• [What you should do] Of all the lines below, output only those starting at the one with "Vince green lightly" and ending at the one with "PRR GG1 #4913", both ends included, exactly as written.
[Opening Records for this task section]
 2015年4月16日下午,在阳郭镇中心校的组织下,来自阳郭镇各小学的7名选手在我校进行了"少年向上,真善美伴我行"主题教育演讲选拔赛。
[Closing Records for this task section]
[Opening Records for this task section]
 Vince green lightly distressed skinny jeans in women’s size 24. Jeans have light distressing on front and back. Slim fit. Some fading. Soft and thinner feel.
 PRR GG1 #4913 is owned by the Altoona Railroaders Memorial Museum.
[Closing Records for this task section]
• [Exercise answer]
 Vince green lightly distressed skinny jeans in women’s size 24. Jeans have light distressing on front and back. Slim fit. Some fading. Soft and thinner feel.
 PRR GG1 #4913 is owned by the Altoona Railroaders Memorial Museum.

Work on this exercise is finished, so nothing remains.